An Outage represents an unplanned service incident. Outages share the same Impact and EventNotification machinery as Maintenance events but have a different status workflow that mirrors a typical incident lifecycle, and they support an open-ended (end is null) state until the incident is resolved.

Model

Field Type Notes
name CharField (100) Provider event ID or your own outage tracker ID. Required.
summary CharField (200) One-line description. Required.
provider FK -> circuits.Provider Required.
start DateTimeField (indexed) Defaults to timezone.now() so newly-reported outages can be created without supplying a start.
reported_at DateTimeField Defaults to timezone.now().

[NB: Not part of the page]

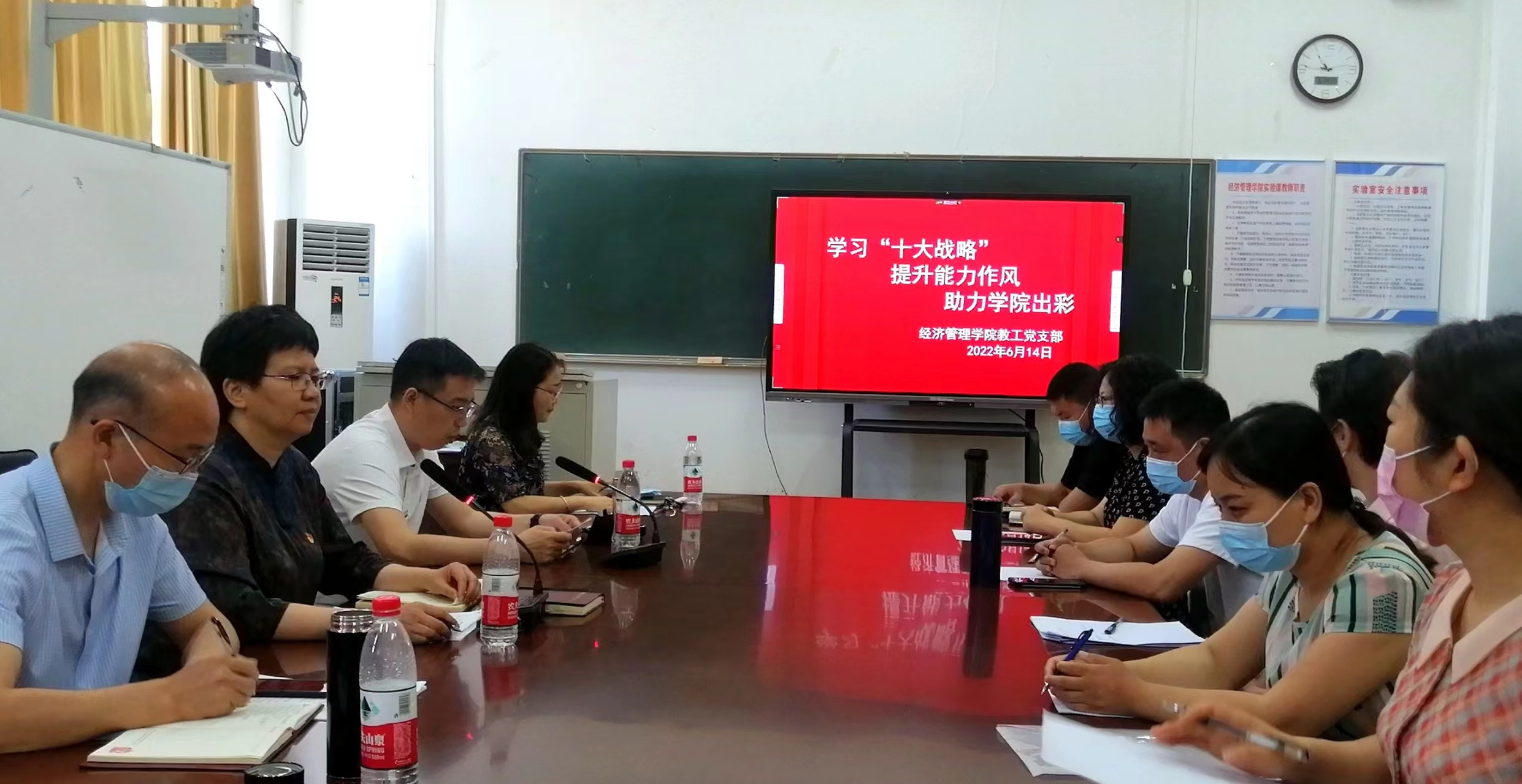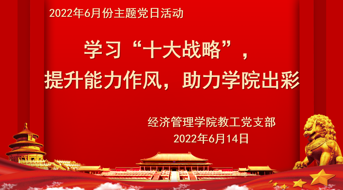 为深入贯彻落实省委教育工委《关于组织党员进党校学习“十大战略”的通知》精神,结合“能力作风建设年”活动要求,2022年6月14日上午,太阳成集团tyc7111教工党支部通过线上和线下相结合的方式开展了“学习‘十大战略’,提升能力作风,助力学院出彩”主题党日活动。活动由太阳成集团tyc7111党委副书记李刚主持,全体党员教师参加了此次活动。

When the outage was first reported (may differ from start).
end DateTimeField (indexed, nullable) Optional until status becomes RESOLVED, at which point it becomes required.
estimated_time_to_repair DateTimeField (nullable) The current ETR. Tracked through changelog so you can audit how the estimate evolved.
status CharField (choices) See Status Workflow.
original_timezone CharField (63) IANA tz name from the provider notification.
internal_ticket CharField (100) Your tracking ticket reference.
acknowledged BooleanField NOC acknowledgement.
comments TextField Free-form notes.
impact TextField Free-form impact description.
tags M2M -> NetBox Tag Standard tagging.

Like Maintenance, Outage extends BaseEvent and adds outage-specific fields (reported_at, estimated_time_to_repair, status choices).

Status workflow

Status values are defined in notices/choices.py:OutageStatusChoices. Unlike Maintenance, the workflow is a soft progression that reflects the operational state of incident response.

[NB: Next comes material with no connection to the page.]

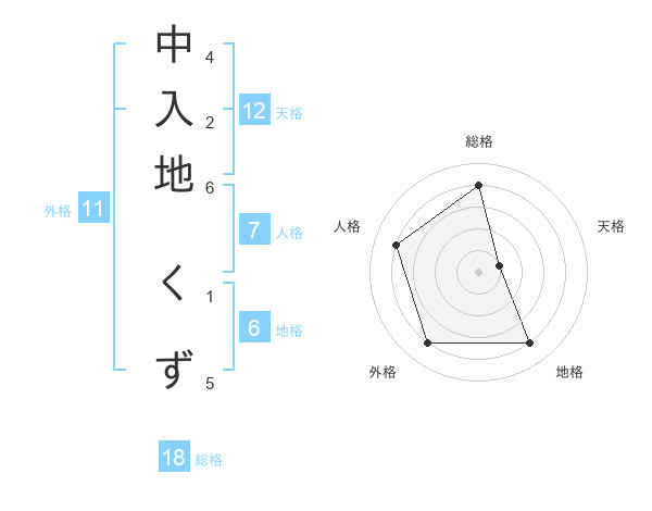中入地 くずさんの総格は18画の4点!

REPORTED -> INVESTIGATING -> IDENTIFIED -> MONITORING -> RESOLVED

You may move backward (for example, MONITORING -> INVESTIGATING if the fix did not stick); the plugin does not enforce a strict FSM. The only validation is that end is required when transitioning to RESOLVED -- enforced by Outage.clean().

Status Colour Meaning
REPORTED red Outage detected and logged; no investigation yet.
INVESTIGATING orange Triage in progress; root cause not yet known.
IDENTIFIED yellow Root cause known; fix being prepared or applied.
MONITORING blue Fix applied; watching for stability.
RESOLVED green Service fully restored. end must be set.

ETR tracking

estimated_time_to_repair is a single field, but every change is captured in the standard NetBox changelog. The detail view's timeline panel shows ETR revisions chronologically with diffs, so you can see how the estimate evolved across the incident.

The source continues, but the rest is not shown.